**How to complete this task**
Pictures must not appear in the copy. Reproduce exactly, and only, the lines from the one with "table holder with" through the end of the data below.

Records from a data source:

=-=-=-=-=

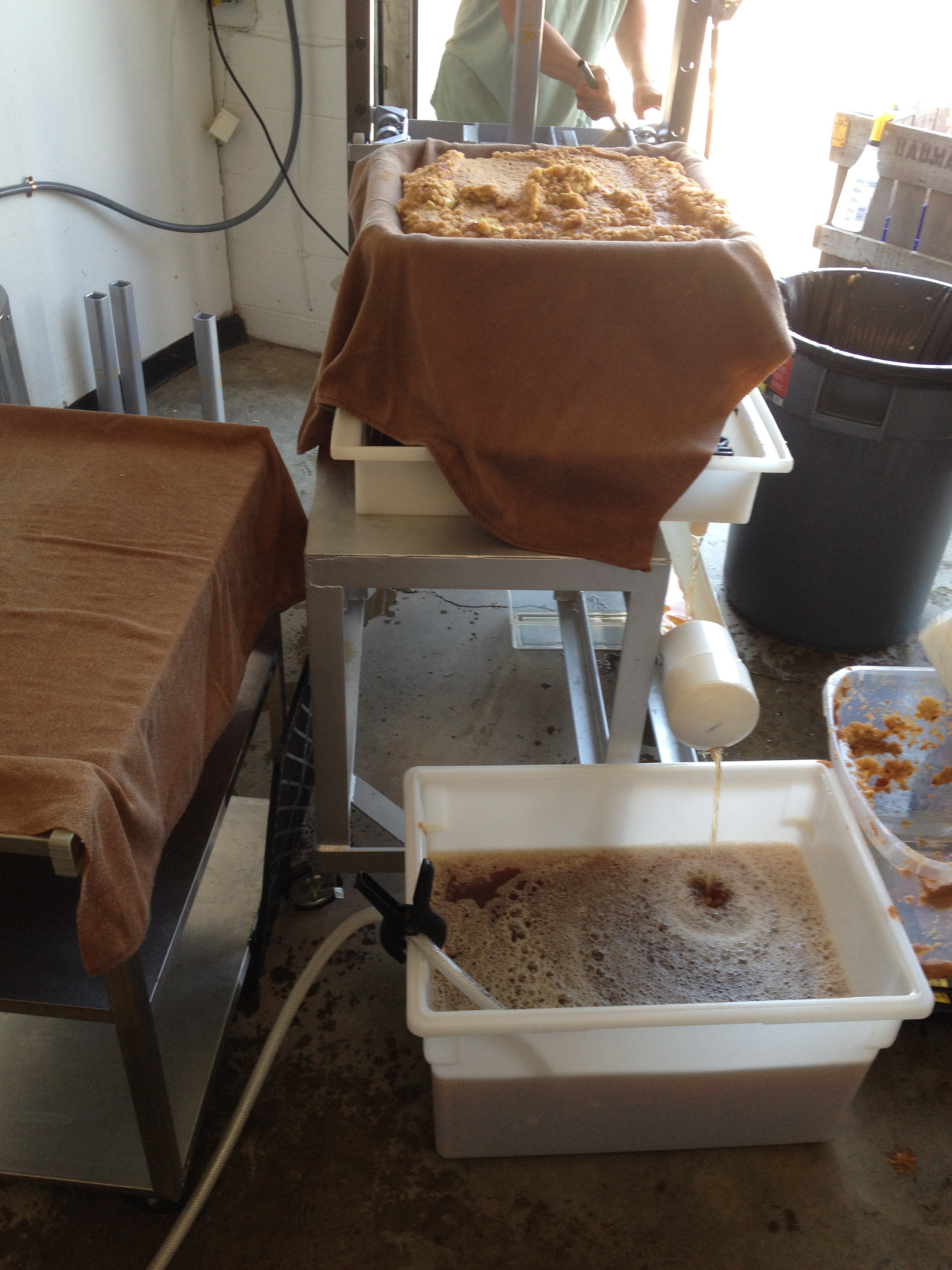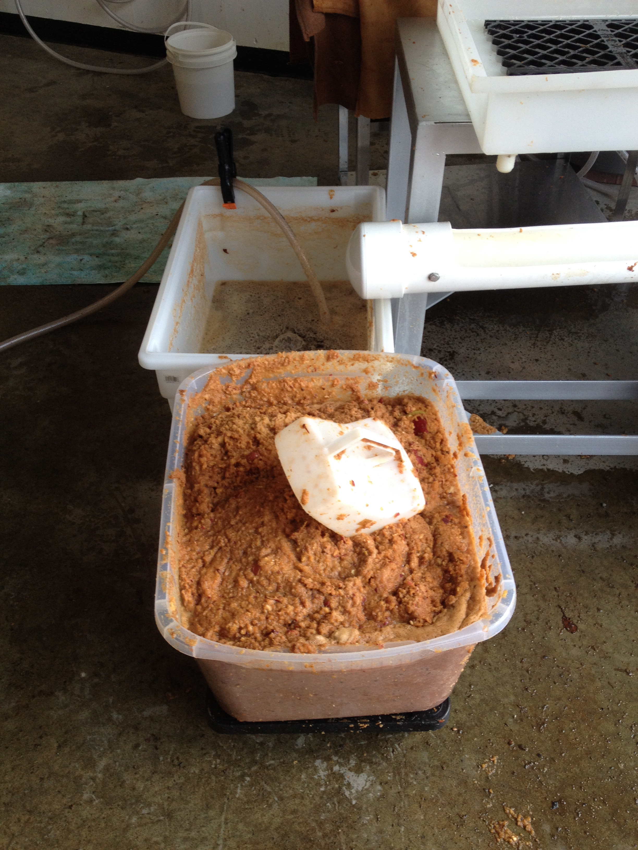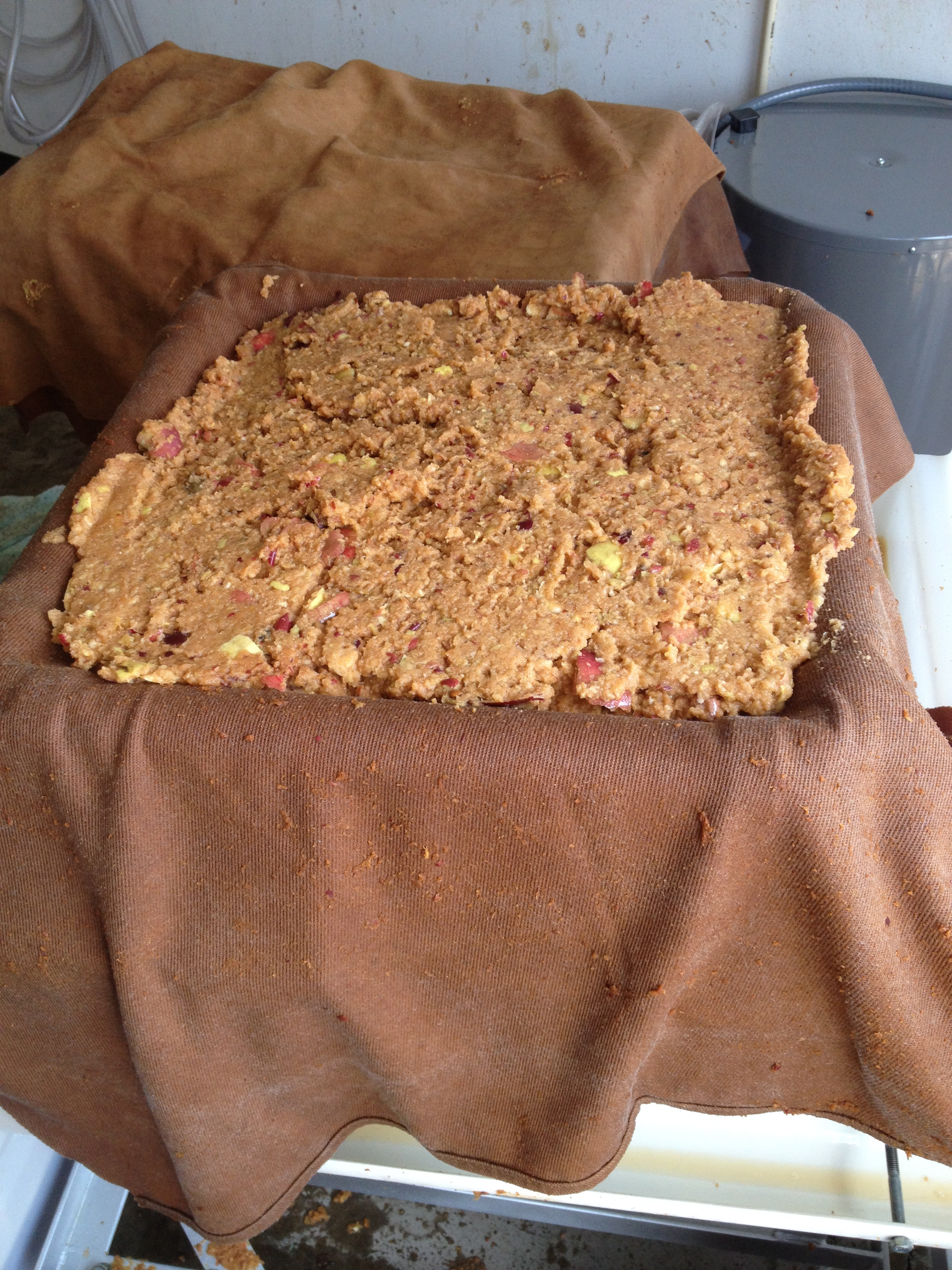 Once the press gets going, the juice really starts to flow (down a long open trough) to a bin. Once the bin gets to a certain height, a pump gets switched on to transfer the juice to a holding tank (during my tenure I think we made about 300 gallons over four hours). After the pressing, the square molds are unfolded to start the “cheese” making process again. After the pulp is mashed, the residual looks like a very dry energy bar made by an eighties era hippy.
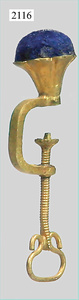 table holder with pin-cushion, gilded brass/tin, 4 cm, rare
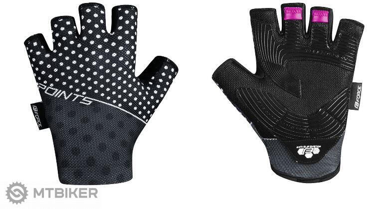 A Force Points nyári női kerékpáros kesztyű tömör hálós tenyérrel, béléssel, szilikonnal és csúszásgátló kezeléssel. A felső oldal finom elasztikus hálóból készült a jobb szellőzés érdekében. A kesztyűk hosszabb felső csuklószegéllyel és hurkokkal rendelkeznek a kesztyű könnyebb levétele érdekében. Kopás a tenyérben: igen
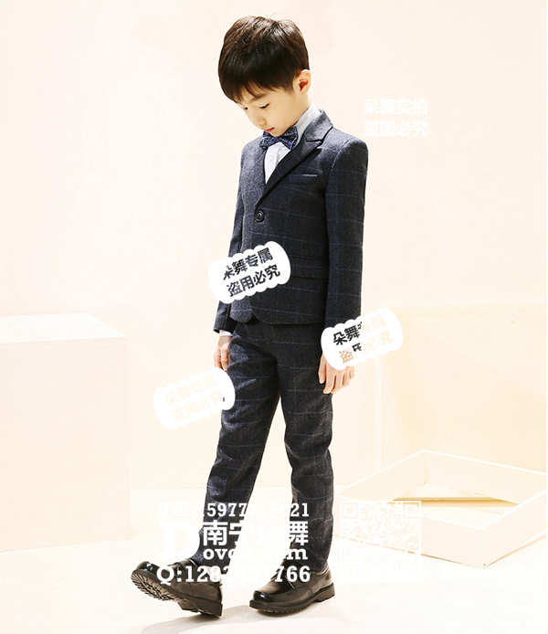 简单描述: 蓝黑格子男童西装
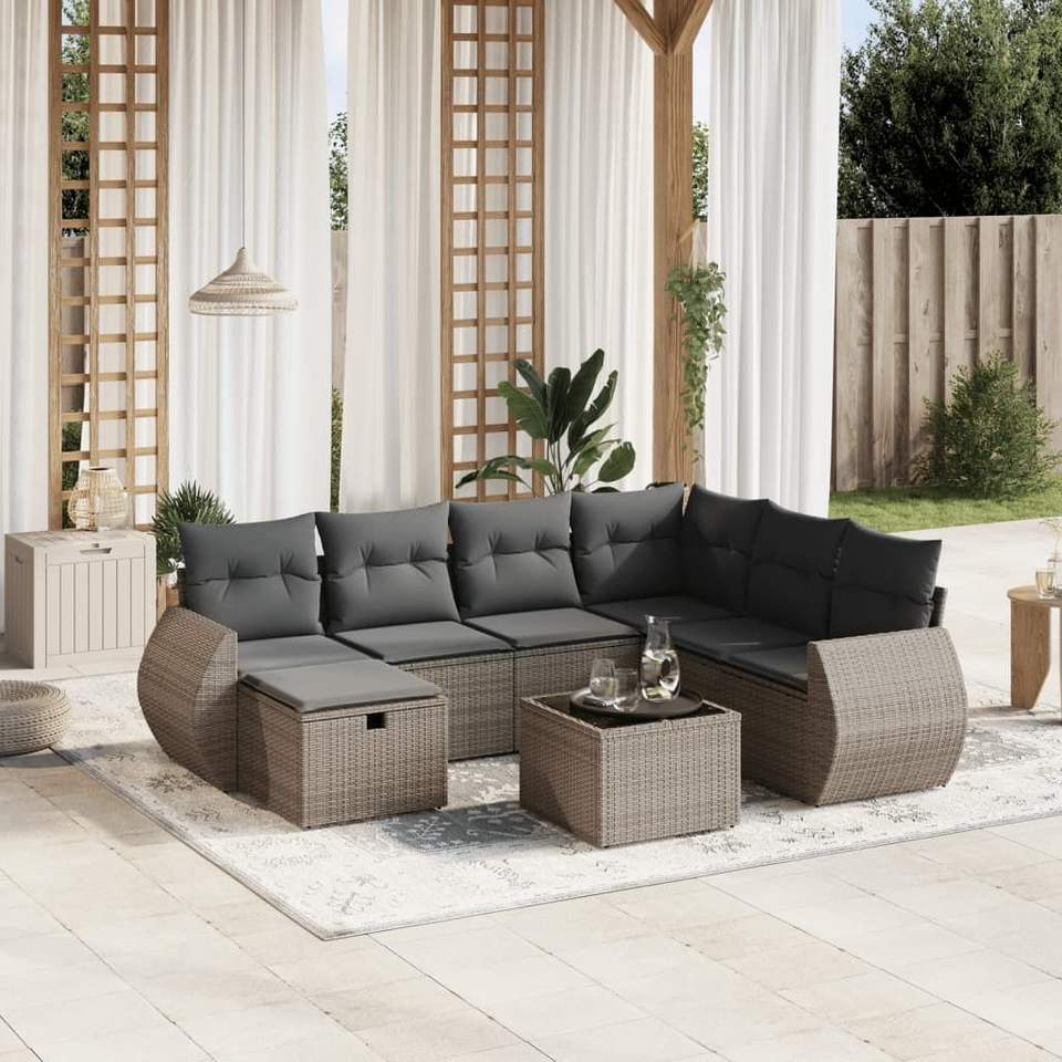 Ensemble de canapés de jardin modulaires en polyrotin gris 6 places, collection de meubles d'extérieur, design haut de gamme

=-=-=-=-=

**Solution to the problem**
 table holder with pin-cushion, gilded brass/tin, 4 cm, rare
 A Force Points nyári női kerékpáros kesztyű tömör hálós tenyérrel, béléssel, szilikonnal és csúszásgátló kezeléssel. A felső oldal finom elasztikus hálóból készült a jobb szellőzés érdekében. A kesztyűk hosszabb felső csuklószegéllyel és hurkokkal rendelkeznek a kesztyű könnyebb levétele érdekében. Kopás a tenyérben: igen
 简单描述: 蓝黑格子男童西装
 Ensemble de canapés de jardin modulaires en polyrotin gris 6 places, collection de meubles d'extérieur, design haut de gamme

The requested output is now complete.